Let $f(x)$ be some function mapping vectors to vectors. Then we can write:

$f(x) \sim GP(m(x),k(x,x'))$

where $m(x)$ represents the mean vector:

$m(x) = \mathbb{E}[f(x)]$

and $k(x,x')$ is the kernel function.

Kernel function¶

The kernel is a function that represents the covariance function for the Gaussian process.

$k(x,x') = \text{Cov}(f(x),f(x'))$

$k(x,x') = \mathbb{E}[(f(x) - m(x))(f(x') - m(x'))^T]$

The kernel can be thought of as a prior for the shape of the function, encoding our expectations for the amount of smoothness or non-linearity.

Not all conceivable kernels are valid. The kernel must produce covariance matrices that are positive-definite.

Linear kernel¶

$k(x,x') = x \cdot x'$

Some functions sampled from a Gaussian process with a linear kernel:

_images/linear.png

Polynomial kernel¶

$k(x,x';a,b) = (x \cdot x' + a)^b$

Functions sampled from a Gaussian process with a polynomial kernel where $a=1$ and $b=2$ :

_images/polynomial_2.png

Gaussian kernel¶

Also known as the radial basis function or RBF kernel.

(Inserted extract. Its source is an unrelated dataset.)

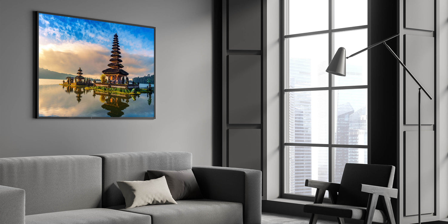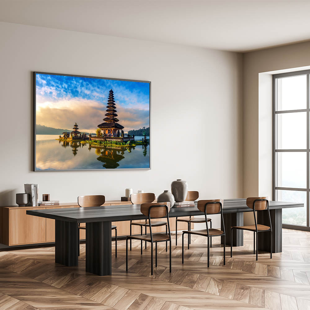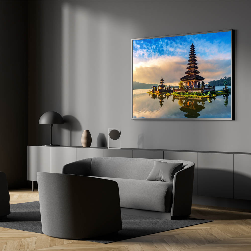 Step into the serene world of Bali with this stunning wall art, featuring a traditional Balinese temple beautifully reflected on calm waters. This captivating scene combines the peaceful atmosphere of a quiet morning with the rich cultural heritage of Bali. The vibrant sky, coupled with the temple’s intricate architecture, creates a breathtaking composition that brings a sense of tranquility and cultural elegance to any space.
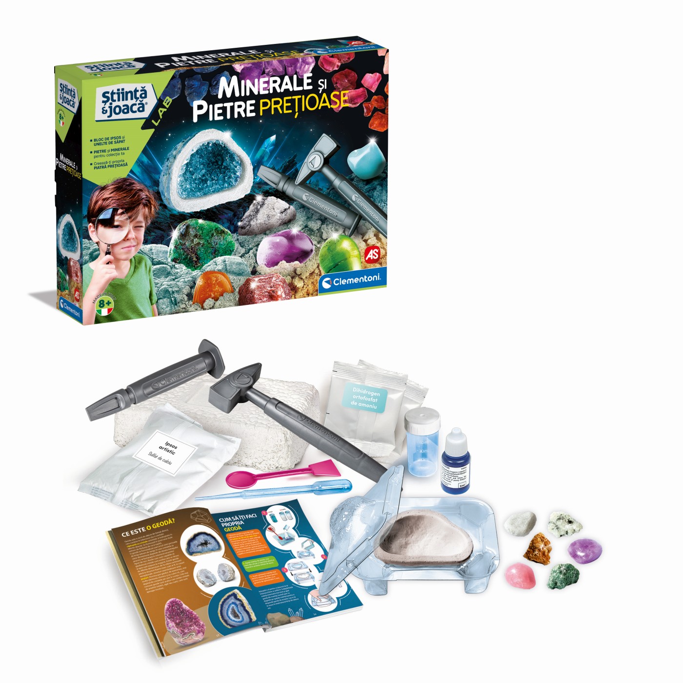 Transformă joaca într-o aventură educativă cu acest set științific cu minerale și pietre prețioase, creat pentru copiii pasionați de descoperiri, colecții și experimente. Cei mici pot săpa în blocul de ipsos pentru a găsi pietre și minerale, apoi își pot crea propria geodă cu cristale, într-un mod distractiv și captivant.

$k(x,x'; \sigma, l) = \sigma_2 \exp(-\frac{{(x - x')}_2}{2l^2})$

Some functions sampled from a GP with a Gaussian kernel:

_images/gaussian.png

Laplacian kernel¶

$k(x,x') = \exp(-|x - x'|)$

Functions sampled from a GP with a Laplacian kernel:

_images/laplace.png

Sampling from a Gaussian process¶

The method is as follows:

Decide on a vector of inputs $x$ for which we want to compute $f(x)$ , where $f$ is some function which we will sample from the Gaussian process.
Compute the matrix $K$ where $K_{ij} = k(x_i,x_j)$ .
Perform Cholesky decomposition on $K$ , yielding a lower triangular matrix $L$ .
Sample a vector of numbers from a standard Gaussian distribution, $s_i \sim N(0, 1)$ .
Take the dot product of $L$ and the vector $s$ to get the samples $f(x) = L \cdot s$ .